REQUIREMENT - Using the records that follow, reproduce exactly the lines starting at the line containing "En ärlig man" and ending at the line containing "One 1908 $20". Include both end lines and no pictures.

GIVEN INFORMATION -
#####

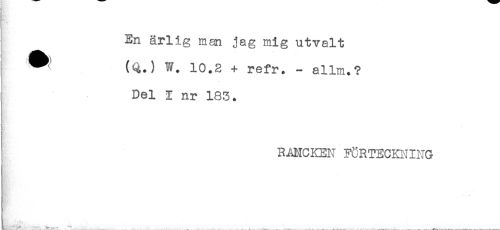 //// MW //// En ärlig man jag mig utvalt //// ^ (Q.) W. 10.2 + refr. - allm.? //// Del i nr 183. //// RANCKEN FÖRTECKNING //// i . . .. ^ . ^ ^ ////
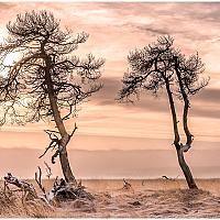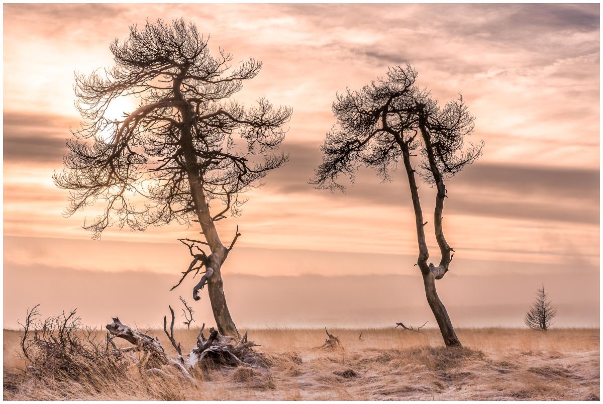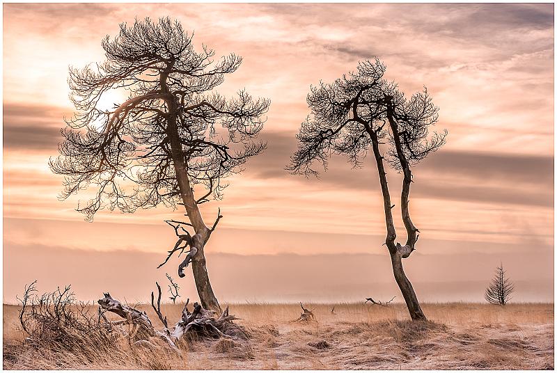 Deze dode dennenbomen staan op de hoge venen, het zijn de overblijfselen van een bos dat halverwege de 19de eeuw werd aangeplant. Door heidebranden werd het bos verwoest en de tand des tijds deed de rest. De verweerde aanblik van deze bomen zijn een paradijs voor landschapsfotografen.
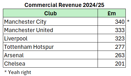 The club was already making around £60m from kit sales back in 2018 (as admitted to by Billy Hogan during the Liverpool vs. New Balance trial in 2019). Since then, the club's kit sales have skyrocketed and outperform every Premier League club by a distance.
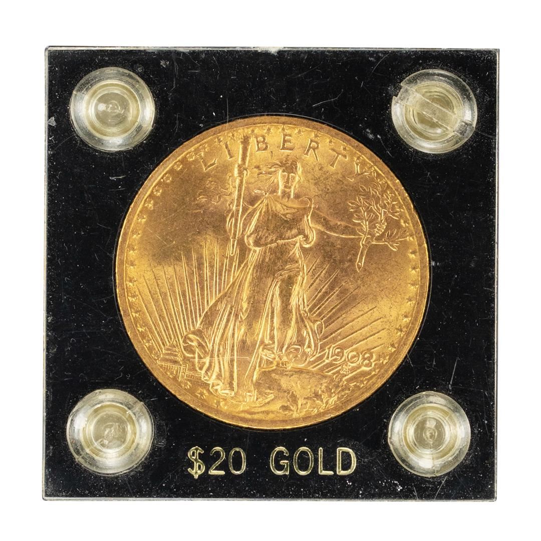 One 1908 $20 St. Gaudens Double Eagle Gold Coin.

#####

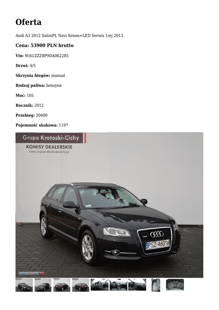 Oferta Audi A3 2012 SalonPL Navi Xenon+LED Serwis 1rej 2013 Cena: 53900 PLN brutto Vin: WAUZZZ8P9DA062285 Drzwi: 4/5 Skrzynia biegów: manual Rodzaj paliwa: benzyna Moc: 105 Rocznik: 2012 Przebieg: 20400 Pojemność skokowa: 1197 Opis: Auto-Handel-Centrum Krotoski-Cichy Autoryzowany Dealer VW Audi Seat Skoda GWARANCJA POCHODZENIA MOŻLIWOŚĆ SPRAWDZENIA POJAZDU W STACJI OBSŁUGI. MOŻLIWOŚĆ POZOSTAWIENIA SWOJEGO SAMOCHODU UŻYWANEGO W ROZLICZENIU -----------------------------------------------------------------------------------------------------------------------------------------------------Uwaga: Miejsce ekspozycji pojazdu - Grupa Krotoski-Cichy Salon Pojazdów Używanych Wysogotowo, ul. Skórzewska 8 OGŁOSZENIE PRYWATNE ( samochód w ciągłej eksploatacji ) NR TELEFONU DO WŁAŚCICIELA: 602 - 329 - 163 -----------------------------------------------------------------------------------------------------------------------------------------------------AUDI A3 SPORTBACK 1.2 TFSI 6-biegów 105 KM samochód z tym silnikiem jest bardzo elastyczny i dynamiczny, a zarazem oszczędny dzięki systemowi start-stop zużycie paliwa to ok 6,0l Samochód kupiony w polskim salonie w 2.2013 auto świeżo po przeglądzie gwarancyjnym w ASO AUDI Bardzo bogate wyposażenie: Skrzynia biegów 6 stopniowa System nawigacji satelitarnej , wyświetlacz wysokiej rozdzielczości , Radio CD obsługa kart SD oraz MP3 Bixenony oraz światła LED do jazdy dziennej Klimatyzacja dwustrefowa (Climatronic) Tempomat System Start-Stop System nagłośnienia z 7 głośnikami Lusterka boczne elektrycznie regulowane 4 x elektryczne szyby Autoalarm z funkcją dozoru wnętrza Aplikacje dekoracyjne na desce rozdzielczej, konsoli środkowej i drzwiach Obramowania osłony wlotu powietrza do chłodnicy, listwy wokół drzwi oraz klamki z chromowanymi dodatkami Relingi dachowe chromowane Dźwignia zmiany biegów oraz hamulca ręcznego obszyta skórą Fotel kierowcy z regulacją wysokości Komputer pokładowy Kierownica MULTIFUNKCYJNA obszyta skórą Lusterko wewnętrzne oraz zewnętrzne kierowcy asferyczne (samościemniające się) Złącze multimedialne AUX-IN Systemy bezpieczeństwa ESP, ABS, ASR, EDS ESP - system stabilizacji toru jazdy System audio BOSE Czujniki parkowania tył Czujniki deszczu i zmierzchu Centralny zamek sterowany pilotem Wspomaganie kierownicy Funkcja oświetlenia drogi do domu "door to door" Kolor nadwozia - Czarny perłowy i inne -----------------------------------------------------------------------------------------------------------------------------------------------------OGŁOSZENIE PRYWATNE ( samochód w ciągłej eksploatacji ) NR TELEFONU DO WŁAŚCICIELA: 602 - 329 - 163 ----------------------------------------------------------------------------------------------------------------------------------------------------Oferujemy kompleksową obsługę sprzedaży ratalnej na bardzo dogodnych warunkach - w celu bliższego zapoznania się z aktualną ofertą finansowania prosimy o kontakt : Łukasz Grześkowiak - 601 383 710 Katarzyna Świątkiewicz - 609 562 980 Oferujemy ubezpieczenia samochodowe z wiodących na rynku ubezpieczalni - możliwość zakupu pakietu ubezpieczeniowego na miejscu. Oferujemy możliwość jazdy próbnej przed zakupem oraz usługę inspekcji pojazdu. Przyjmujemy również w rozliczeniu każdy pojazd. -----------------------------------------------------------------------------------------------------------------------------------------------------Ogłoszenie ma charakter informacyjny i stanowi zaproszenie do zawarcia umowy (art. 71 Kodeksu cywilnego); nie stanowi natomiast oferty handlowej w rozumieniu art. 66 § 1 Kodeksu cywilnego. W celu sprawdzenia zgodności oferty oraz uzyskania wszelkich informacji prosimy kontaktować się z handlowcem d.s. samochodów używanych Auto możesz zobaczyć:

#####

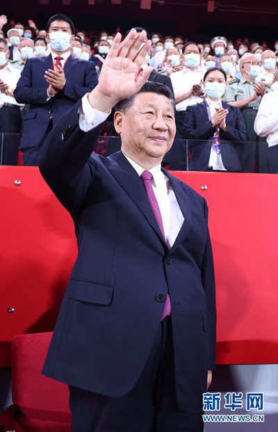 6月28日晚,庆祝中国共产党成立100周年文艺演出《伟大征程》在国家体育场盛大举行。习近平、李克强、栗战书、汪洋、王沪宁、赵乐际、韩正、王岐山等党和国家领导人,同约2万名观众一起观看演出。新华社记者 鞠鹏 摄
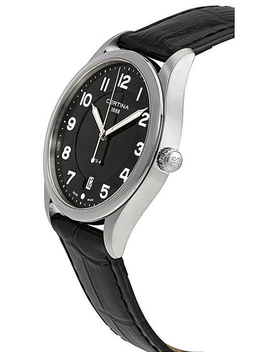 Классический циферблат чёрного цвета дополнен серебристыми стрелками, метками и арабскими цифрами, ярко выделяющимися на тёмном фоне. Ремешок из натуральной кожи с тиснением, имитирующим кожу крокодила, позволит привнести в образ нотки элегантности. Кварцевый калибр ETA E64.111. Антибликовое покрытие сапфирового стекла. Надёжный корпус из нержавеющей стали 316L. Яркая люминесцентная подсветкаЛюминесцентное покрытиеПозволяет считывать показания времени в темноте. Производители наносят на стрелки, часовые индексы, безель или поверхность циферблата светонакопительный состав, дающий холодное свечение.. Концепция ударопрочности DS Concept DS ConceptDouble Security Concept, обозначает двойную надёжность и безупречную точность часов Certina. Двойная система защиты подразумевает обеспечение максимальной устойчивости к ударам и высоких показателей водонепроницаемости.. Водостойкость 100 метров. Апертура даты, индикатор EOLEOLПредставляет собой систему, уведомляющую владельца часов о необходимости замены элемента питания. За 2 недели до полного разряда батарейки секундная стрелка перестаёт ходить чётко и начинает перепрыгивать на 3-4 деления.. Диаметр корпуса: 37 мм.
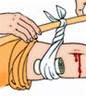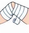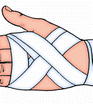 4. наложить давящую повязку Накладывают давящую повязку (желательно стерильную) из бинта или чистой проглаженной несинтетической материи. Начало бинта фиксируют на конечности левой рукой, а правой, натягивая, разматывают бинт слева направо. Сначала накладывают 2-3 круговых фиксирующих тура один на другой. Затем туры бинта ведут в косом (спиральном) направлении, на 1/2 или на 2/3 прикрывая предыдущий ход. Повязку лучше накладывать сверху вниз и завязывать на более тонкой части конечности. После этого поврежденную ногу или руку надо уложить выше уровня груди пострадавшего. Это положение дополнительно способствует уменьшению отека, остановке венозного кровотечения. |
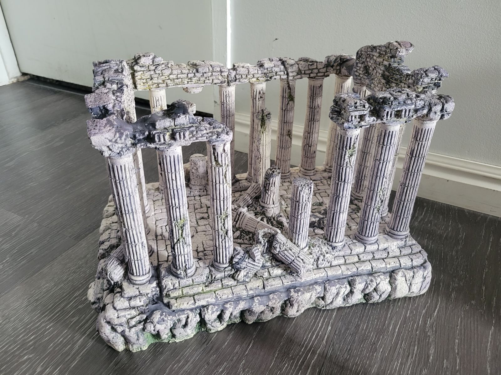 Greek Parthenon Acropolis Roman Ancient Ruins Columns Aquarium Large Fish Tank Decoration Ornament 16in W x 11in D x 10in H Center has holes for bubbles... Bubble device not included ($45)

#####

FINAL ANSWER -
 //// MW //// En ärlig man jag mig utvalt //// ^ (Q.) W. 10.2 + refr. - allm.? //// Del i nr 183. //// RANCKEN FÖRTECKNING //// i . . .. ^ . ^ ^ ////
 Deze dode dennenbomen staan op de hoge venen, het zijn de overblijfselen van een bos dat halverwege de 19de eeuw werd aangeplant. Door heidebranden werd het bos verwoest en de tand des tijds deed de rest. De verweerde aanblik van deze bomen zijn een paradijs voor landschapsfotografen.
 The club was already making around £60m from kit sales back in 2018 (as admitted to by Billy Hogan during the Liverpool vs. New Balance trial in 2019). Since then, the club's kit sales have skyrocketed and outperform every Premier League club by a distance.
 One 1908 $20 St. Gaudens Double Eagle Gold Coin.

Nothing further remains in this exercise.